Work request. Output all of the data exactly, keeping any images out of the copy.

Saved data entries:
- - -

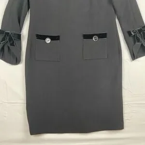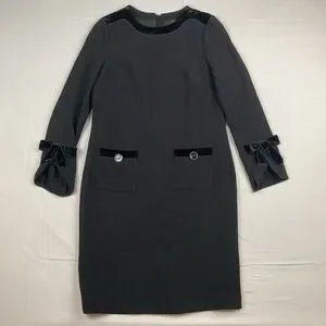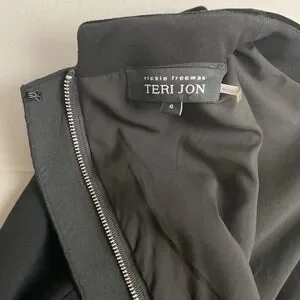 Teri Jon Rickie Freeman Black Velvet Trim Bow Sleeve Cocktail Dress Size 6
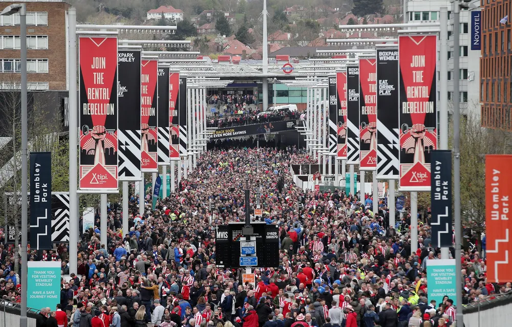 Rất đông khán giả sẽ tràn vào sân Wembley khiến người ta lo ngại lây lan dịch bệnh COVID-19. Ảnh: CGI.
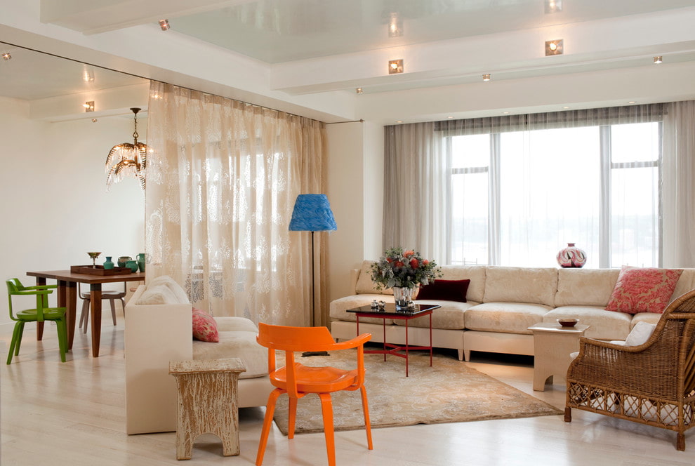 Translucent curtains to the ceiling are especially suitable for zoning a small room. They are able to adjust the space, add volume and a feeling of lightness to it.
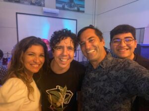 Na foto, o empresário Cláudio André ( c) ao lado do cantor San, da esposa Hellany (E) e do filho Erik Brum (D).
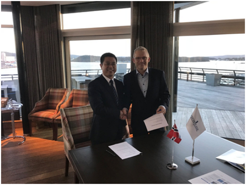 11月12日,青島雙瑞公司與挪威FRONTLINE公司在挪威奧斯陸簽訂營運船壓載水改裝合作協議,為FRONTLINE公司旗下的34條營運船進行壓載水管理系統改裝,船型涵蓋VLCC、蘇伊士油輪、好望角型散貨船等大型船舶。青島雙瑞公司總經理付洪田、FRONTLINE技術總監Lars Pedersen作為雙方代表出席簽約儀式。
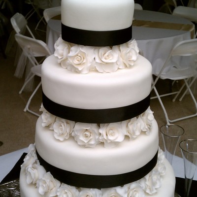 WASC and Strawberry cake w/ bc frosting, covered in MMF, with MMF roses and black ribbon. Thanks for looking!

- - -

Expected answer.
 Teri Jon Rickie Freeman Black Velvet Trim Bow Sleeve Cocktail Dress Size 6
 Rất đông khán giả sẽ tràn vào sân Wembley khiến người ta lo ngại lây lan dịch bệnh COVID-19. Ảnh: CGI.
 Translucent curtains to the ceiling are especially suitable for zoning a small room. They are able to adjust the space, add volume and a feeling of lightness to it.
 Na foto, o empresário Cláudio André ( c) ao lado do cantor San, da esposa Hellany (E) e do filho Erik Brum (D).
 11月12日,青島雙瑞公司與挪威FRONTLINE公司在挪威奧斯陸簽訂營運船壓載水改裝合作協議,為FRONTLINE公司旗下的34條營運船進行壓載水管理系統改裝,船型涵蓋VLCC、蘇伊士油輪、好望角型散貨船等大型船舶。青島雙瑞公司總經理付洪田、FRONTLINE技術總監Lars Pedersen作為雙方代表出席簽約儀式。
 WASC and Strawberry cake w/ bc frosting, covered in MMF, with MMF roses and black ribbon. Thanks for looking!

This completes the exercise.